Я его успокоила, как могла, но этот случай остался в его уже взрослой памяти на всю его короткую жизнь. Бедный мой ребёнок! Бедная моя страна! Что с нею произошло, что в одночасье всё рухнуло? В голове не укладывается, как могло такое произойти... А я ведь всегда своим детям внушала, что наша Родина — это единственная и лучшая в мире страна, которая заботится о своём народе.
Как я уже сказала, Толя был счастлив рождению братика. Когда возвращался с занятий, сразу мыл руки и бежал к нему. Братик тоже его любил. Разница у них была десять лет. Как дорог Толе был братик, я поняла после одного случая, произошедшего зимой. Этот случай мы все запомнили, потому что случившееся едва не стоило жизни брату. Муж чуть не потерял маленького Виталика. Ему уже было около полутора лет. Мы его устроили в детский сад, и я вышла на работу. Утром, как обычно, муж уложил его в сани, это было зимой. Сани были кованые, самодельные. Ночью выпал снег. По темени, в шесть утра они вышли из дома. Зимой в это время у нас в Казахстане до девяти утра ещё темно. По дороге к садику, в квартале от нашего дома, находилась котельная, которая отапливала близлежащие кварталы. В эту котельную бесконечно приезжали гружённые углём машины. Миновав после котельной почти квартал, мужа что-то подтолкнуло оглянуться, видимо, почувствовал, что сани стали легче. Оглянулся и чуть от ужаса не упал в обморок! Ребёнка в санях не было! Как он не заметил, что ребёнок выпал — ума не приложу! Со скоростью, с какою он способен был бежать, он ринулся назад, моля Бога, чтобы ребёнок остался жив и невредим. Весь ужас ещё был в том, что шёл крупный снег и такой густой, что на расстоянии протянутой руки уже невозможно было ничего разглядеть. А машины к котельной едут каждые пятнадцать минут. Эти несколько минут ему показались вечностью. Наконец он разглядел в этой снежной замяти нашего ребёнка, который, уже порядком припорошённый снегом, спокойно, молча смотрел в черноту неба, сыпавшего снегом. Если бы он не был поверх пальто завёрнут покрывалом, то, возможно, сумел бы подняться. Но так как ручки и ножки были перетянуты, он не имел возможности сдвинуться с места, а только терпеливо ожидал своей участи. Муж позже мне об этом рассказал, но в этот день он даже едва работать мог.
— Впервые в жизни я плакал от счастья и благодарил провидение ли, то ли небеса за спасение жизни сына, — говорил он.
Позже, когда мы с Толиком узнали обо всём, Толя плакал, видимо, представил, что мог бы потерять брата.
А с самим Толей сколько раз случалось, что он находился на миллиметр от гибели. Очень часто его спасали ангелы хранители. Его ангелы. Вот только в последний раз они его прокараулили...

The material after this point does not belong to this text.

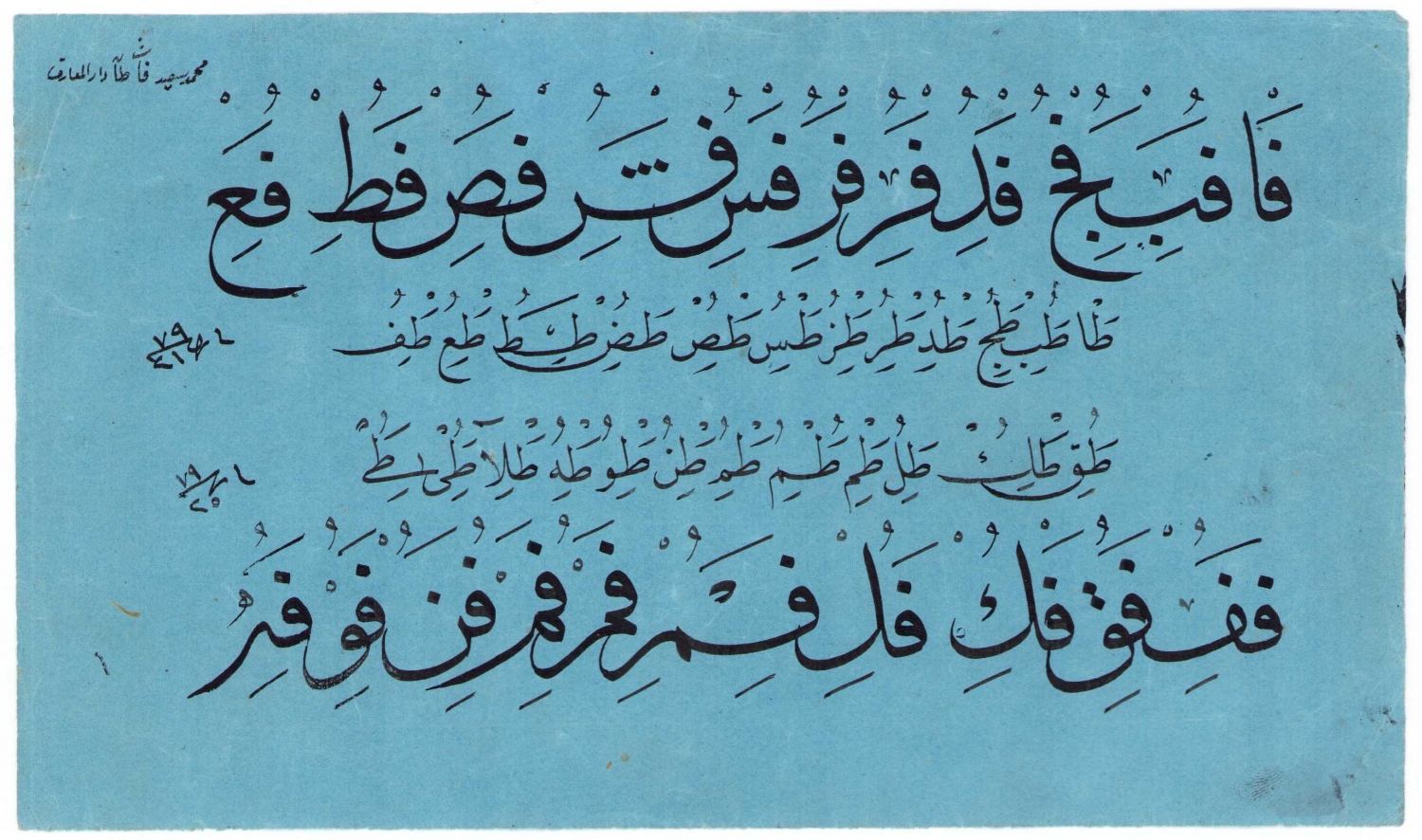 Sülüs Nesih hurufat meşki, Mehmed Tevfik Efendinin terekesine ait, 23x13,5 cm.

Впервые, ему тогда было несколько месяцев, он уже начинал ползать, ребёнок нашёл где-то колпачок от зубной пасты, потянул в ротик и подавился... Когда я услышала, что ребёнок захрипел, я пришла в ужас. Не зная, как спасти в этом случае его жизнь, я сделала ещё хуже — стала пальцем доставать этот колпачок, тем самым продвинув его только глубже в горлышко. Мне даже сейчас страшно это вспоминать. Ребёнок стал синеть и задыхаться. Я пришла в ужас, не зная, что делать, стала кричать и выскочила из комнаты в состоянии, которое я даже не смогу никогда описать. Это было страшно. Мы в то время жили в общежитии на четвёртом этаже. Представьте весь ужас матери, которая понимает, что пока она спустится с четвёртого этажа и дозвонится по телефону, и пока доедет скорая помощь — ребёнок погибнет. Я кричала, как могла кричать мать, теряющая от беспомощности ребёнка, понимая, что это конец. И вдруг навстречу мне поднимается наша соседка медсестра т. Валя К. Я, с глазами полными ужаса, страха и слёз хватаюсь за неё и с криком:
— Спасите, помогите моему ребёнку! — Тяну её изо всех сил к нам, по дороге пытаясь объяснить, что случилось.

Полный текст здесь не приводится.